O Bunker (The Bunker, 1981) é um filme de guerra ou filme militar produzido para a TV, baseado na obra literária escrita por James P. O’Donnell (nome dado ao militar que acessou o bunker no início da trama). O roteiro mostra os meses finais de Hitler e seus asseclas que ficaram confinados ao Bunker do Führer durante os longos ataques e bombardeios das tropas Aliadas à Alemanha. Com uma temática que vai além do gênero “guerra”, o longa retrata o lado emocional e psicológico do líder alemão e de todos os seus seguidores que viram seu auge e o declínio, tanto no aspecto tático e militar quanto nos aspectos emocional e de saúde.
A trama tem como localidade principal o bunker (uma fortaleza subterrânea) onde Hitler e seu séquito passaram os últimos meses antes da invasão russa – e dos demais Aliados – à Alemanha. Esses meses foram terríveis para os que acompanharam Hitler, já que a maioria conhecia a condição em que a Alemanha se encontrava na guerra, diga-se de passagem uma condição péssima, à beira de um colapso.
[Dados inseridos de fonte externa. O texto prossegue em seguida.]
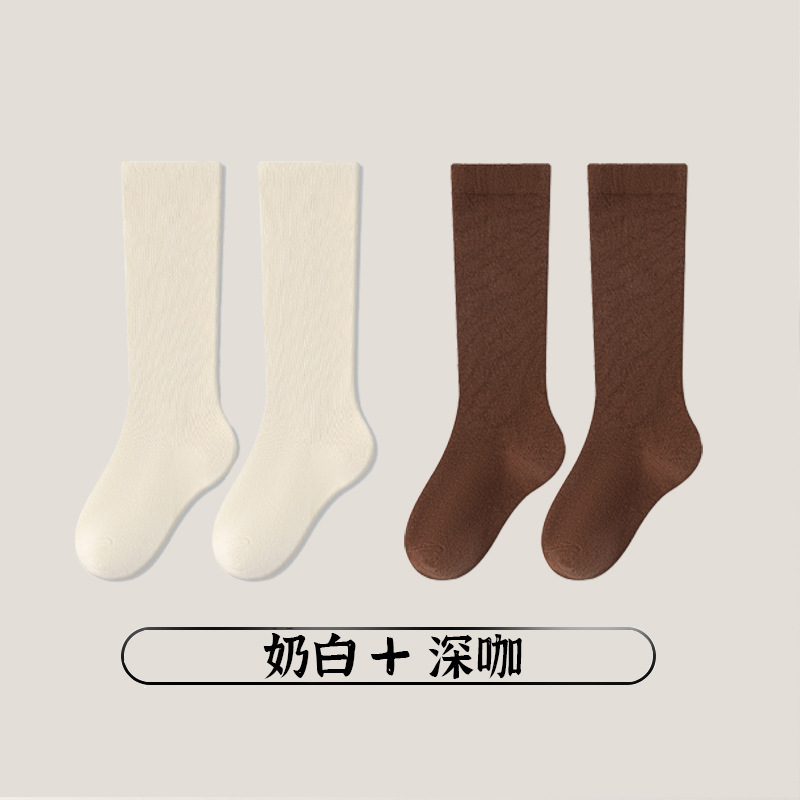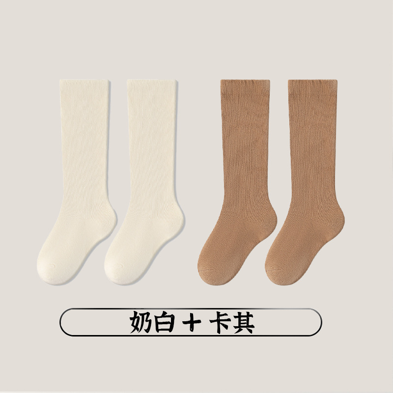 어린이 양말 가을 클래스 A 면 송아지 양말 높은 탄성 여자 한국 단색 대학 스타일 JK 긴 튜브 유행 양말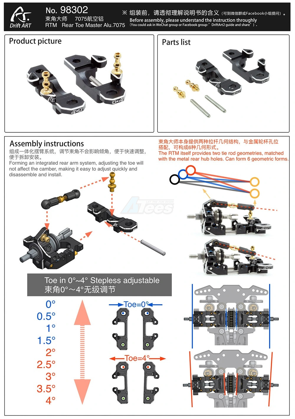 • Factory description: Drift ART Drift ART DA3 RTM Rear Toe Master Alu. 7075 (Rear Arm Toe Mount)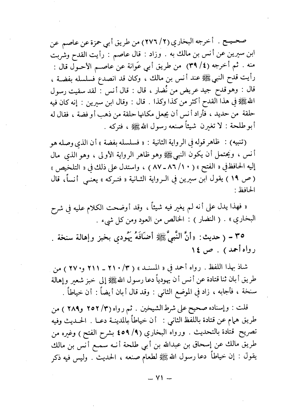 (تنبيه) : ظاهر قوله فى الرواية الثانية: " فسلسله بفضة " أن الذى وصله هو أنس , ويحتمل أن يكون النبى صلى الله عليه وسلم وهو ظاهر الرواية الأولى , وهو الذى مال إليه الحافظ فى " الفتح " (10/86 ـ 87) , واستدل على ذلك فى " التلخيص " (ص 19) يقول [1] ابن سيرين فى الرواية الثانية: فتركه - يعنى أنسا -.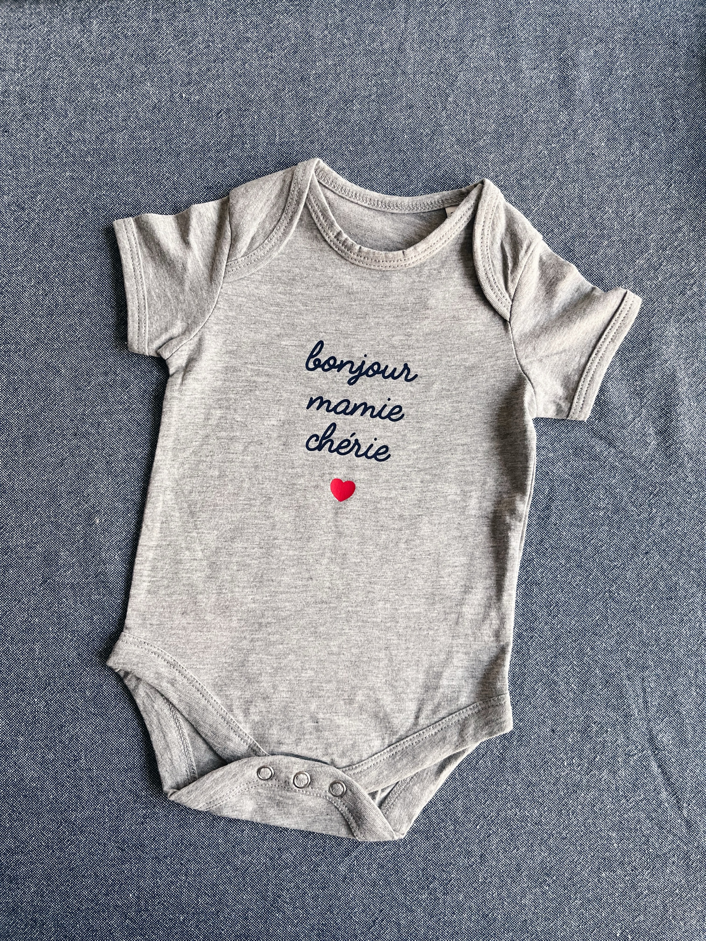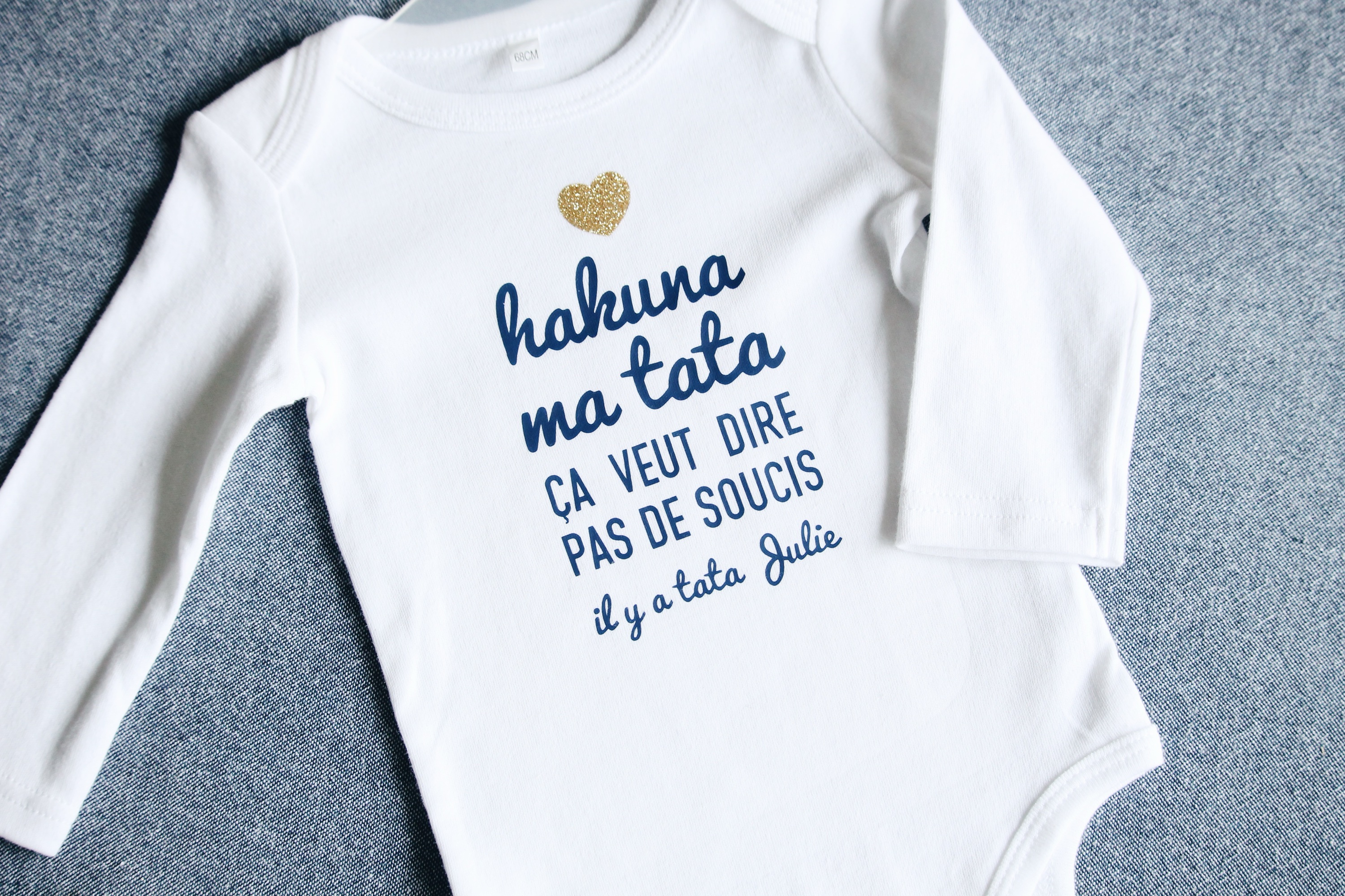 • Ajoutez le sous-texte de votre choix : petit marseillais, petit cœur, bébé parfait, j’aime mon papa, future artiste comme maman, hakuna ma tata Maya etc.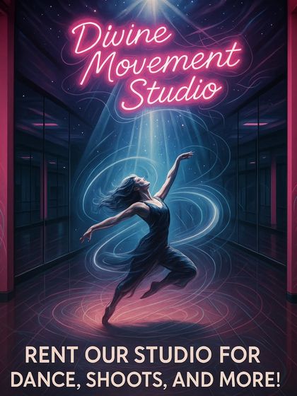 We rent out a studio with soft flooring, aerial gear, mirrors, mood lighting, and content creation tools, ready for dance, aerial, rehearsals, and shoots for up to 50 people.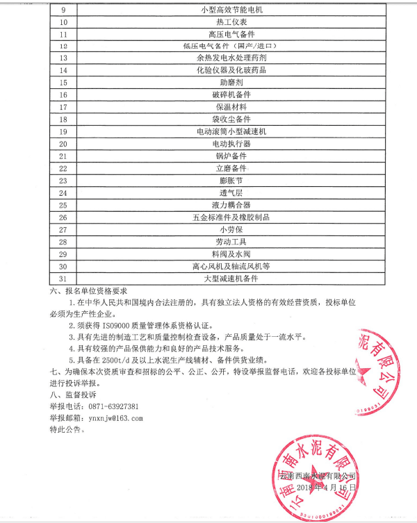 云南西南水泥2018年度第二批輔材備件集中采購招標公告

Os impactos de estar ao lado de seu líder supremo foram maiores conforme a condição física e mental dele se degradava. Adolf Hitler não era mais o líder imbatível de outrora, seus exércitos estavam sitiados ou destruídos e a própria Berlim era alvo de inúmeros bombardeios. Mesmo assim, diante do temor indiscutível, somente uns poucos oficiais e Albert Speer tiveram a coragem necessária para tentar mostrar a Hitler que a situação exigiria a rendição do povo germânico ou, do contrário, os avanços dos inimigos poderiam significar a destruição não só do III Reich como também o fim dos alemães.
Hitler estava irredutível e seus delírios de vitória o levaram a ordenar o sacrifício (através do envio de frágeis tropas) ao front. O confronto direto com as forças aliadas era quase um genocídio, visto que o moral da tropa estava baixíssimo, munições e armamentos eram escassos e o número de baixas só aumentava. Para piorar, o Führer determinou o envio de jovens (em sua maioria crianças e adolescentes) para combater; majoritariamente componentes da Juventude Hitlerista.
Albert Speer.
O Bunker desta a presença de Albert Speer. O arquiteto do III Reich foi um dos poucos integrantes da cúpula de Hitler que sobreviveu ao julgamento em Nuremberg, tendo sido punido com 20 anos de prisão. Após sua libertação, Speer publicou livros sobre suas experiências ao lado de Hitler e como apoiador do nazismo. Obviamente, ele jamais se classificou como um dos responsáveis pelo Holocausto ou as mortes na guerra, atribuindo a si mesmo uma parcela de culpa por ter dado apoio e suporte a Hitler, mas sempre preocupado com os desmandos e a escalada da violência dos nazistas.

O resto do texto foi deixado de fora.